QUESTION KERN-3C. True or false: Given this implementation, WeensyOS processes 2 and 3 could work together to obtain write access to the kernel code located at address KERNEL_START_ADDR. If true, give an example of calls that would obtain this access.

True, since the attach and share code don’t check whether the user process is allowed to access its memory. An example:
#2: share(3, KERNEL_START_ADDR)
#3: attach(2, KERNEL_START_ADDR, 0x110000)

QUESTION KERN-3D. True or false: Given this implementation, WeensyOS processes 2 and 3 could work together to obtain write access to any memory, without crashing or modifying kernel code or data. If true, give an example of calls that would obtain access to a page mapped at address 0x110000 in process 5.

The best answer here is false. Processes are able to gain access to any page mapped in one of their page tables. But it’s not clear whether 5’s 0x110000 is mapped in either of the current process’s page tables. Now, 2 and 3 could first read the processes array (via share/attach) to find the physical address of 5’s page table; then, if 2 and 3 are in luck and the page table itself is mapped in their page table, they could read that page table to find the physical address of 0x110000; and then, if 2 and 3 are in luck again, map that page using the VA accessible in one of their page tables (which would differ from 0x110000). But that might not work.

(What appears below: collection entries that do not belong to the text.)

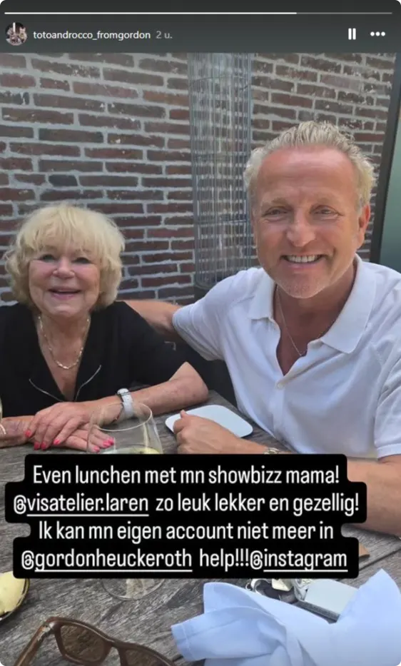 Gordon heeft donderdag een bezoekje gebracht aan zijn goede vriendin Tineke de Nooij. De twee hebben een hechte vriendschap. Bij een foto van dat bezoek schrijft hij ook dat hij dus zijn account niet meer in kan en vraagt Instagram om hulp: "Help!", schrijft hij erbij.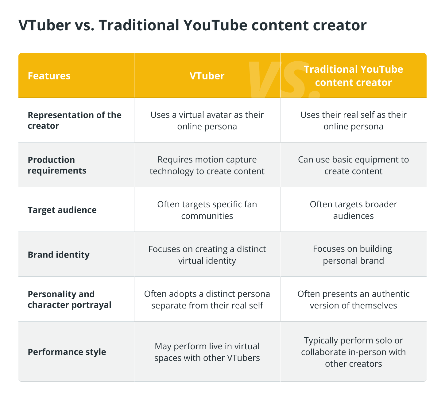VTuber是否仅仅是拥有独特虚拟形象的YouTube创作者?事实并非如此简单。这种区别主要体现在他们的内容呈现方式上。传统YouTube创作者通常以真实面貌出镜,而VTuber则采用动画化的虚拟形象来塑造其线上角色身份,无论是来自太空的外星生物还是会说话的猫咪。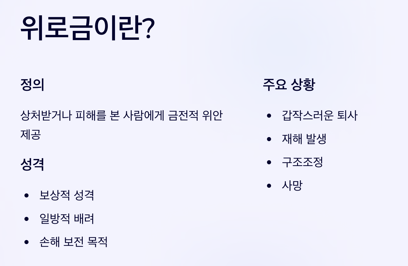 ์œ„๋กœ๊ธˆ์€ ๋ง ๊ทธ๋Œ€๋กœ ์œ„๋กœ์˜ ์˜๋ฏธ๋ฅผ ๋‹ด์€ ๋ˆ์ด์—์š”. ์–ด๋–ค ์‚ฌ๊ฑด์ด๋‚˜ ์ƒํ™ฉ ๋•Œ๋ฌธ์— ์ƒ์ฒ˜๋ฐ›๊ฑฐ๋‚˜ ํ”ผํ•ด๋ฅผ ๋ณธ ์‚ฌ๋žŒ์—๊ฒŒ, ๊ธˆ์ „์ ์œผ๋กœ๋‚˜๋งˆ ์กฐ๊ธˆ์ด๋ผ๋„ ์œ„์•ˆ์„ ์ฃผ๊ธฐ ์œ„ํ•ด ์ง€๊ธ‰๋˜๋Š” ๊ฑฐ์ฃ . ๋ณด์ƒ์ ์ธ ์„ฑ๊ฒฉ์ด ๊ฐ•ํ•˜๊ณ , ๋Œ€๋ถ€๋ถ„ ์ผ๋ฐฉ์ ์ธ ๋ฐฐ๋ ค์˜ ์ฐจ์›์—์„œ ์ง€๊ธ‰๋ผ์š”. ์˜ˆ๋ฅผ ๋“ค์–ด, ๊ฐ‘์ž‘์Šค๋Ÿฌ์šด ํ‡ด์‚ฌ๋‚˜ ์žฌํ•ด๋กœ ์–ด๋ ค์›€์„ ๊ฒช๋Š” ์ง์›์—๊ฒŒ ์ง€๊ธ‰๋ฉ๋‹ˆ๋‹ค.
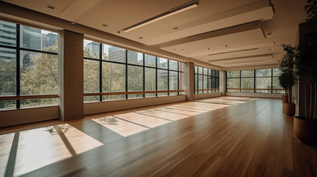 A refreshing yoga studio with bamboo flooring and floor-to-ceiling windows. A.I.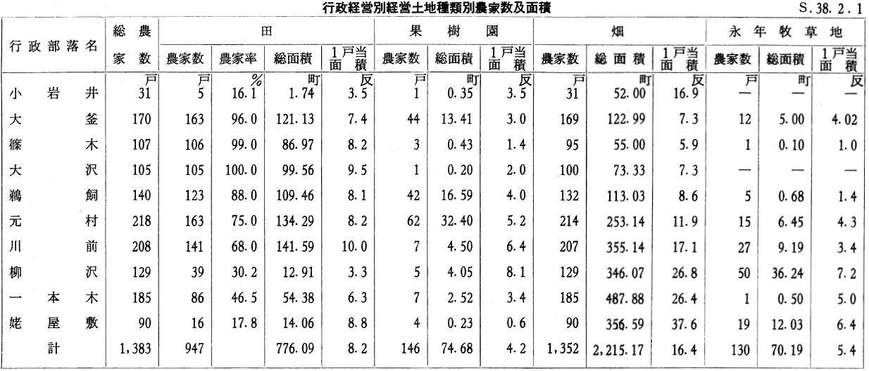 大正元年において、田畑の自小作別・郡市別構成をみるに、胆沢郡、和賀郡、岩手郡、紫波郡の順に田が多く、紫波郡、和賀郡、胆沢郡が一戸平均一町歩位の田を耕作している。これについで和賀郡、西磐井郡、岩手郡が一戸平均〇・八町歩乃至〇・七町歩となるが、岩手郡においては畑がこれを補い、合計二・三町歩を耕作している。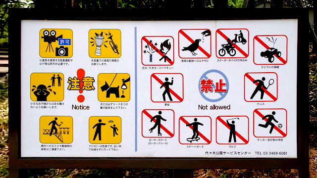 これは、代々木公園にある禁止事項の立札である。数年前に撮影したものだから、今も同じなのかは分からない。この投稿を書くにあたってWebサイトを調べてみたのだが、そこにはこれらの禁止事項に関する言及はなかった。ペットと喫煙に関するマナーの記述だけがあるだけだった。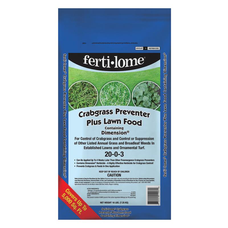 Crabgrass Preventer Plus Lawn Food containing Dimension ® 20-0-3 controls Crabgrass and controls or suppresses many other annual grass and broadleaf weeds in established lawns.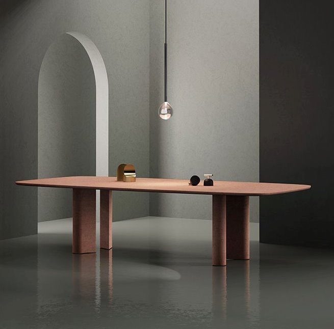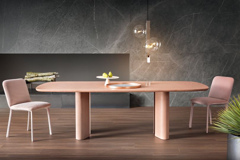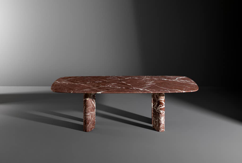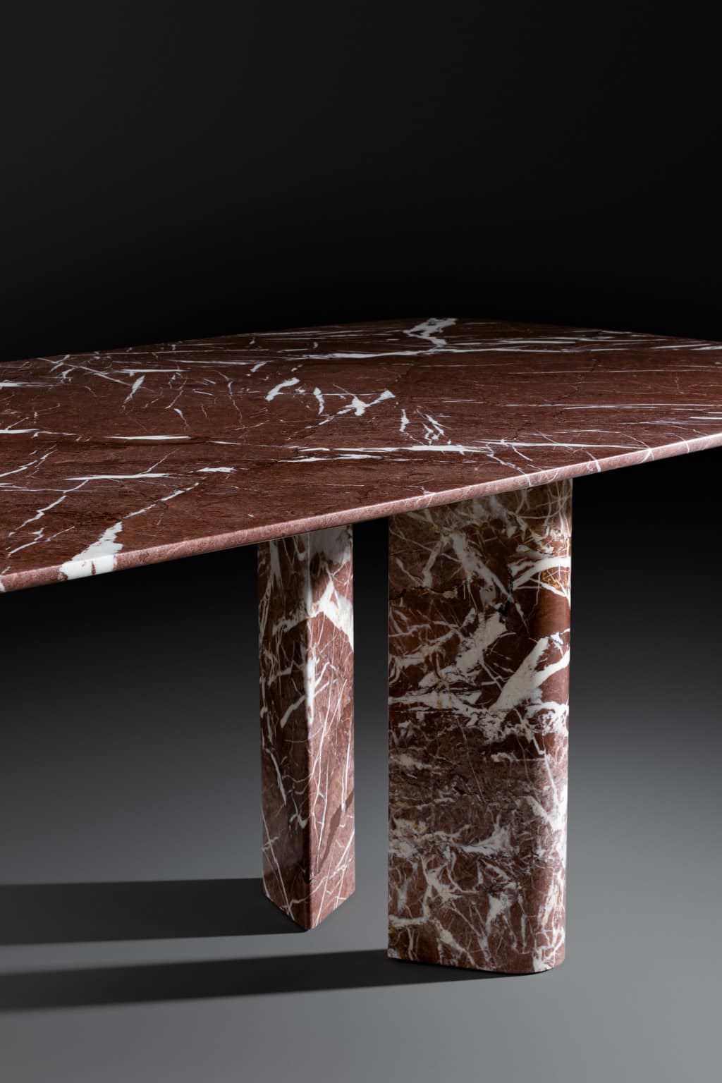 Είναι επίσης διαθέσιμη σε 3 εκλεπτυσμένες εκδόσεις Monomaterial εξ’ολοκλήρου με το ίδιο υλικό: έκδοση Clay σε ειδικό χειροποίητο σπατουλαριστό φινίρισμα από πηλό με εφέ τερακότα, που δίνει σε ολόκληρη την κατασκευή μια γλυπτική εμφάνιση, έκδοση Wood, όπου ο έβενος χρησιμοποιείται για την κατασκευή τόσο της επιφάνειας όσο και της βάσης, σαν να ήταν σκαλισμένο το τραπέζι από ένα μόνο κομμάτι ξύλου και τελευταίο αλλά όχι λιγότερο σημαντικό το Geometric Marble με εξ’ολοκλήρου μαρμάρινη επιφάβεια και βάση.

QUESTION KERN-3E. True or false: Given this implementation, WeensyOS child processes 2 and 3 could work together to modify the code run by a their shared parent, process 1, without crashing or modifying kernel code or data. If true, give an example of calls that would obtain write access to process 1’s code, which is mapped at address PROC_START_ADDR.

True; since process code is shared after step 6, the children can map their own code read/write, and this is the same code as the parent’s.
#2: share(3, PROC_START_ADDR)
#3: attach(2, PROC_START_ADDR, PROC_START_ADDR)

QUESTION KERN-3F. Every “true” answer to the preceding questions is a bug in WeensyOS’s process isolation. Fix these bugs. Write code snippets that address these problems, and say where they go in the WeensyOS code (for instance, you could refer to bracketed letters to place your snippets); or for partial credit describe what your code should do.

Here’s one possibility.

Prevent share from sharing an invalid address:

[A] if ((addr & 0xFFF) || addr < PROC_START_ADDR)
        return -1;

NB don’t need to check addr < MEMSIZE_VIRTUAL as long as we check the return value from virtual_memory_lookup below (but that doesn’t hurt).

Prevent attach from accessing an invalid process or mapping at an invalid address:

[C] if (p >= NPROC || (local_addr & 0xFFF) || local_addr < PROC_START_ADDR || local_addr >= MEMSIZE_VIRTUAL)
        return -1;

We do need to check MEMSIZE_VIRTUAL here.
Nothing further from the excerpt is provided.